Arnaldur Indridason, l’étoile polar de la littérature islandaise

Arnaldur Indridason, l'étoile polar de la littérature islandaise
AFP

Avec une écriture aussi limpide que ses personnages sont tourmentés, l’Islandais Arnaldur Indridason, une des « stars » du polar nordique, tendance réalisme social, a beaucoup contribué à la « floraison » récente en Belgique et en France de la littérature islandaise.

« Arnaldur Indridason est une star. Il a joué un rôle majeur dans l’intérêt relativement récent des Français pour la littérature islandaise contemporaine et pas seulement policière », expliquait samedi à l’AFP Gérard Meudal, ancien critique littéraire à Libération puis au Monde et traducteur des livres de Salman Rushdie, alors que la foule se pressait autour d’Arnaldur Indridason pour une séance de dédicace organisée à Caen à l’occasion du festival les Boréales.

Selon son éditeur Anne-Marie Métailié, le « phénomène » Indridason, c’est un nouveau roman par an depuis 2002 en France, pour 12 millions de livres vendus dans le monde, dont 3,6 millions dans l’Hexagone ».

Entretemps, « on a aujourd’hui une dizaine d’auteurs islandais en France », complète M. Meudal. Et le traducteur d’Arnaldur Indridason, Eric Boury, a traduit quarante romans islandais en français depuis 2002.

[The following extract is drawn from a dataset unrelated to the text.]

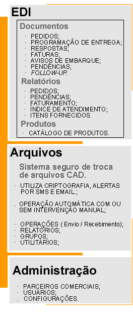 O Data Interchange Center da DI2S é um sistema abrangente de troca de mensagens e transformação de Dados que permite o envio e a recepção de arquivos e mensagens em qualquer formato (EDI - Email - Flat File - XML), para qualquer destino (PC - Mainframe - FAX - WAP - Postal) a qualquer hora. O sistema foi projetado para ser usado por empresas diferentes, ou por divisões diferentes dentro de uma mesma empresa, que utilizam formatos diferentes de mensagens e arquivos através dos mais variados protocolos de comunicação. É a maneira mais simples, mais barata, mais fácil e mais segura de integrar sua empresa com a sua rede de parceiros de negócios, fornecedores, transportadores, distribuidores, instituições financeiras e principalmente com sua rede de clientes. |

« Le polar est à la mode. Et l’Islande est très en vogue », avance humblement l’écrivain de 55 ans, interrogé par l’AFP sur les raisons de son succès. « Le tourisme a explosé en quatre ans. On est passé d’un demi-million de visiteurs par an à deux millions, soit cinq fois la population islandaise », a-t-il précisé ensuite lors d’une rencontre avec le public à Caen.

L'auteur islandais Arnaldur Indridason à Frankfort, le 13 octobre 2011

« Ecrire pour un public aussi exigeant que les Islandais oblige l’écrivain à se dépasser », analyse celui qui fut en 1997 le premier Islandais à oser se lancer dans le polar, genre méprisé à l’époque par ce pays très littéraire.

« Pour être crédible dans un pays où il se passe peu d’événements d’un point de vue criminel, j’ai dû trouver autre chose que des fusillades ou des meurtres en série. Je me suis attaché aux affrontements intérieurs des personnages », explique cet homme tranquille, grand et carré, traduit dans plus de 20 pays.

Emergent alors des thématiques peu courantes dans les polars, comme les relations parents-enfants.

Un commissaire «obsédé par les disparitions»

« On n’est pas dans du spectaculaire. Le décor a une importance. Les personnages sont approfondis. C’est pas l’enquête qui nous tient en haleine, c’est tout ce qu’il y a autour », confirme Antoine Ladune de la Nouvelle Librairie Guillaume à Caen.

« Mon personnage principal, l’enquêteur Erlendur, trouve, semble-t-il, un même écho chez le lecteur, quel que soit » le pays, ajoute Indridason qui a été critique de cinéma avant de vivre de sa plume. Au fil des romans, on découvre ce commissaire « solitaire, obsédé par les disparitions, depuis celle de son petit frère, dont il se sent responsable », rappelle l’ex-journaliste. « Il sait très bien que celui qui accomplit un acte criminel n’est pas forcément l’unique coupable », ce qui en fait un personnage très empathique, expose ce père de trois enfants.

« J’aime sa manière terriblement réaliste de nous faire aimer l’Islande. Erlendur est très intéressant car abîmé », s’enthousiasme Christine Angé, une Belge de 34 ans venue de Liège pour écouter son écrivain fétiche.

Au-delà des glaciers islandais, peut-être les lecteurs apprécient-ils la « paix » dont jouit Erlendur dans les derniers polars, qui se déroulent « à une époque sans smartphone (les années 1970) où, bizarrement, on rencontrait les gens pour leur parler », a souligné malicieusement l’écrivain devant le public caennais.

Indridason séduit aussi avec sa connaissance de l’histoire de son pays, ligne de front pendant la Guerre froide. Nombre de personnages sont marqués par un exode rural brutal.

« Un bon roman policier aboutit à un roman social. Mais je n’écris surtout pas au nom d’une idéologie. Je montre le monde dans toutes ses nuances de gris. Au lecteur de juger », souligne l’écrivain « dégoûté » par la politique même s’il a voté aux dernières élections islandaises le 29 octobre. Il ne dira pas pour qui.